Critic’s Notebook: Patricia Kopatchinskaja and Cameron Carpenter are resurrecting classical music
Sunday afternoon at Walt Disney Concert Hall, violinist Patricia Kopatchinskaja radicalized Tchaikovsky’s Violin Concerto to the astonishment of some (by the end of the first movement, she got a standing ovation from a few in the audience, something I don’t remember witnessing before) and to stony-faced looks from the Los Angeles Philharmonic string section, also unusual. Social media reaction brought out mean-spiritedness.
That evening in an organ recital at Disney, Cameron Carpenter colorized and monumentalized Bach’s Toccata and Fugue in D minor, again to the astonishment of the audience. For a sour Bach purist, however, this could be viewed as the worst horror show for the score since the piece got turned into the soundtrack for the 1931 feature film “Dr. Jekyll and Mr. Hyde” or Walt Disney cartoon-ized it in “Fantasia.”
On this beautiful spring day, the sun shining and flowers blooming, Easter and Passover around the bend, I would like to suggest Sunday as nothing less than an occasion for musical resurrection, the bringing of played-to-death scores to new life.
Kopatchinskaja and Carpenter are the most transformative and convincingly individual musicians of their generation.
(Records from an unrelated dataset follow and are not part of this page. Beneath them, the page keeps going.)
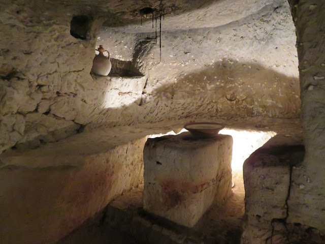 L’hipogeu fou excavat a una profunditat de 7 o 8 metres des del nivell el carrer. Sota terra es creava una temperatura constant molt adient per fer l’oli i per conservar-lo. I a més a més...amb tant d’atac dels turcs, l’hipogeu era un bon refugi.
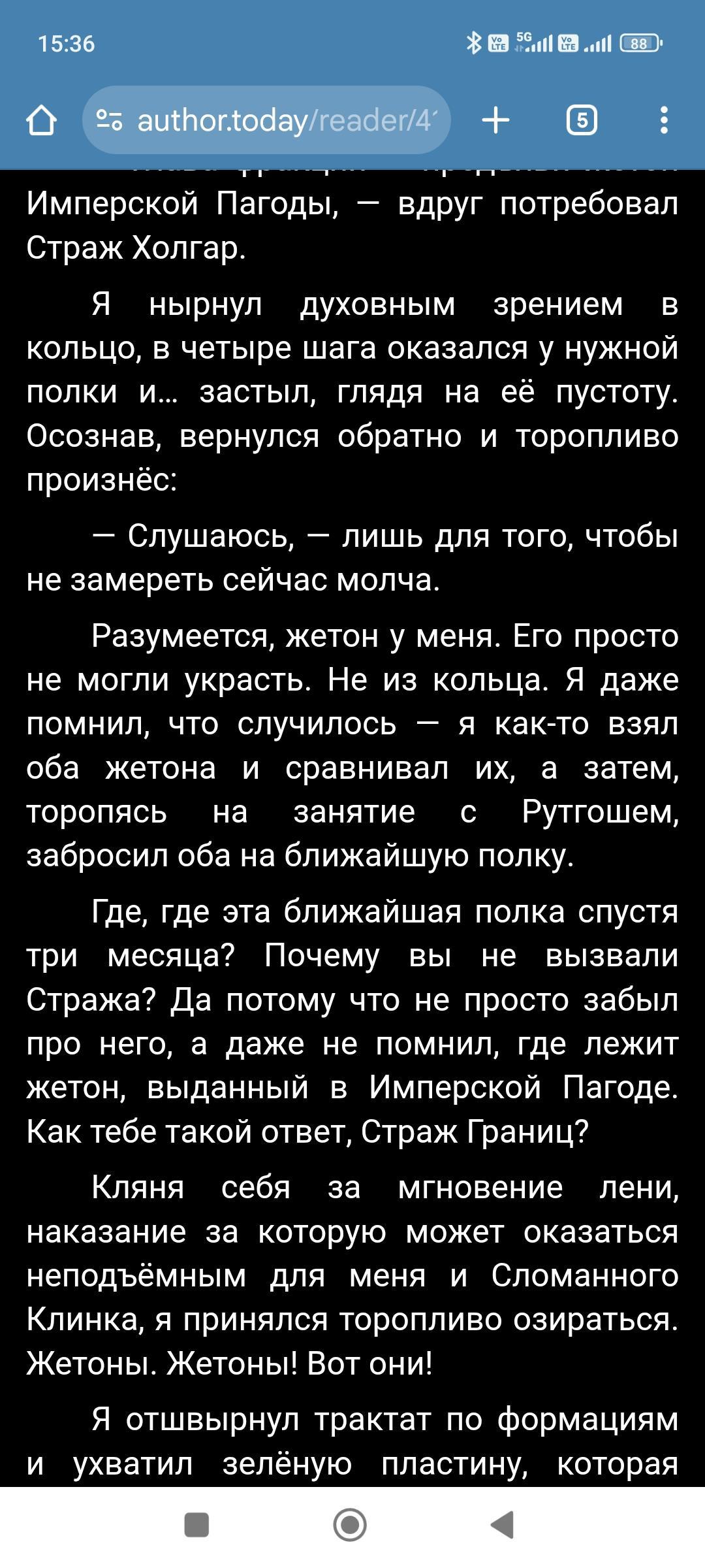 Уважаемый автор! Спасибо, глава как всегда на высоте. Только по-моему есть некоторая нестыковка. В начале главы ГГ достает свой жетон из кольца:
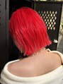 レッドカラー派手髪ダブルカラーケアブリーチブリーチカラーボブ
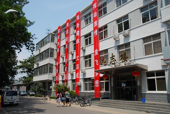 悬挂了诸多体育口号的远志楼。
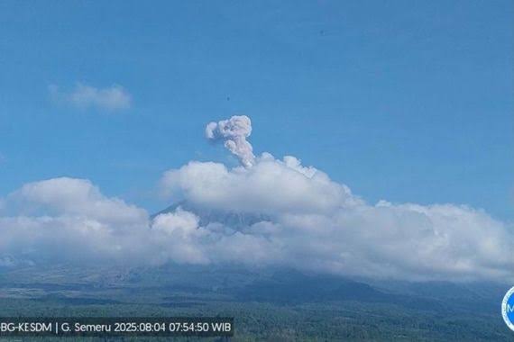 “Terjadi erupsi Gunung Semeru pada pukul 07.52 WIB. Tinggi kolom letusan teramati sekitar 800 meter di atas puncak atau 4.476 meter di atas permukaan laut (mdpl),” kata Petugas Pos Pengamatan Gunung Semeru, Mukdas Sofian, melalui keterangan resmi, Senin (4/8/2025).
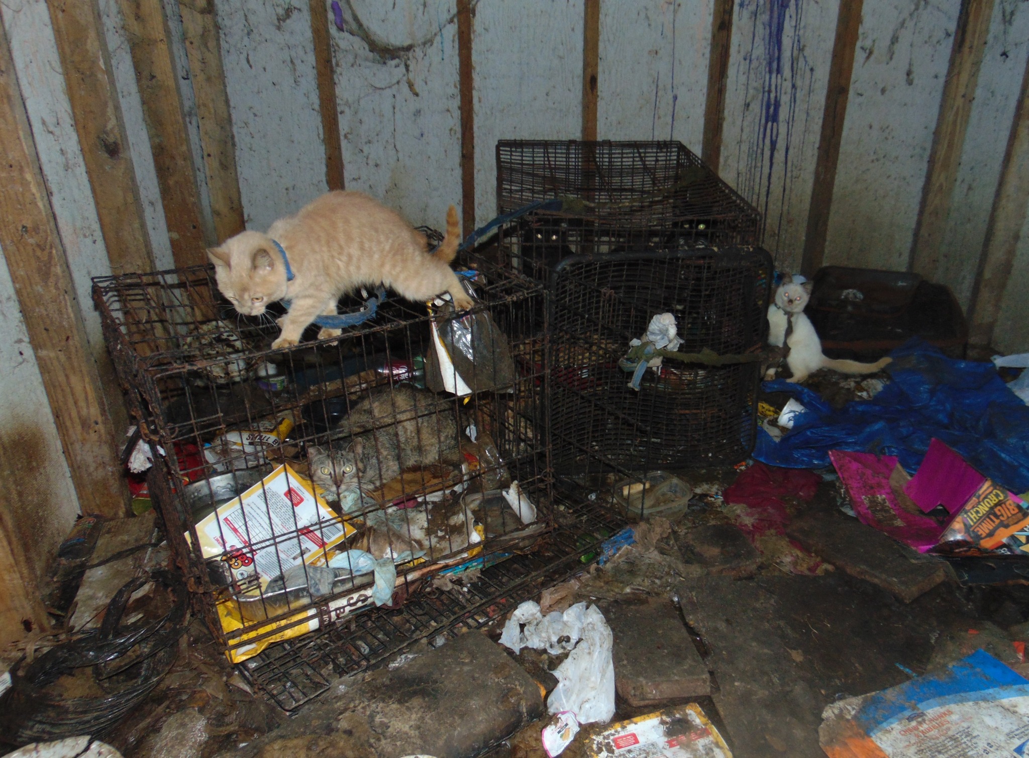Six cats and one dog were found inside the small shed. Another six dogs were chained to various items on the property while eight more were inside the garage. Four additional dogs and one cat were in the home in deplorable living conditions.

She was born in the Moldavian Soviet Socialist Republic in 1977 and is Viennese trained. He’s a Pennsylvanian, born in 1981, and has a Juilliard pedigree. Their careers have not yet intersected. They make music very differently, and the Disney Hall crowds for afternoon and evening couldn’t have been more unalike.
But the spirit was exactly the same. Each is a phenomenal virtuoso with the necessary technique to burn and the bravery to then burn it. Although both have actively participated in the historically informed performance movement known as HIP, they are actually hip — true to the composers by being uncompromisingly true to the world and time we live in. They are not true to any school but their own.
Each is a phenomenal virtuoso with the necessary technique to burn and the bravery to then burn it.
Kopatchinskaja, who was the sensationally unconventional music director of the Ojai Music Festival last summer, was uncompromisingly true to Tchaikovsky, if in her own way. And, fortunately, she had a partner in Mirga Grazinyte-Tyla.
The music director of the City of Birmingham Symphony Orchestra and former L.A. Phil associate conductor has become a rising international star. Though greatly limiting her guest appearances to spend time with her newborn son, she has made a welcome exception for the L.A. Phil’s centennial season.
Grazinyte-Tyla’s sensitively elegant stability gave the violinist the antic expressive room she needed to hop around the stage figuratively and literally while still keeping the performance smartly yet excitingly together. I suppose the main reason Koptchinskaja can drive some musicians to distraction is her capacity to play every phrase differently than any other soloist ever has.
As with the flick of a switch, a barely audible lullaby is transformed into arresting dance music. She may toss off a bravura passage as though it were a fleeting thought or as though it were an urgent warning of danger.
She can appear childlike, discovering a well-worn melody in the concerto for the first time. She can just as readily appear an ageless oracle, repeating ancient wisdom. A single note might catch her attention and then she’ll turn to the orchestra, so they’ll want to explore that too. But this is not to be mistaken for deconstruction. Instead, Kopatchinskaja examined every musical gesture for possibilities and in so doing, Kopatchinskaja is not only hip but truly HIP.
Just last month one of the world’s leading experts on Russian music, Princeton musicologist Simon Morrison, inaugurated an online Times Literary Supplement series on music with an essay suggesting that Tchaikovsky’s surrealist aspects have gone unappreciated. Not by Kopatchinskaja, they haven’t. Her astounding encore was György Kurtág’s “Hommage à Tchaikovsky,” which comes from the Hungarian composer’s series of musical games for children and which she banged out in I’ll-show-you fashion on an upright piano.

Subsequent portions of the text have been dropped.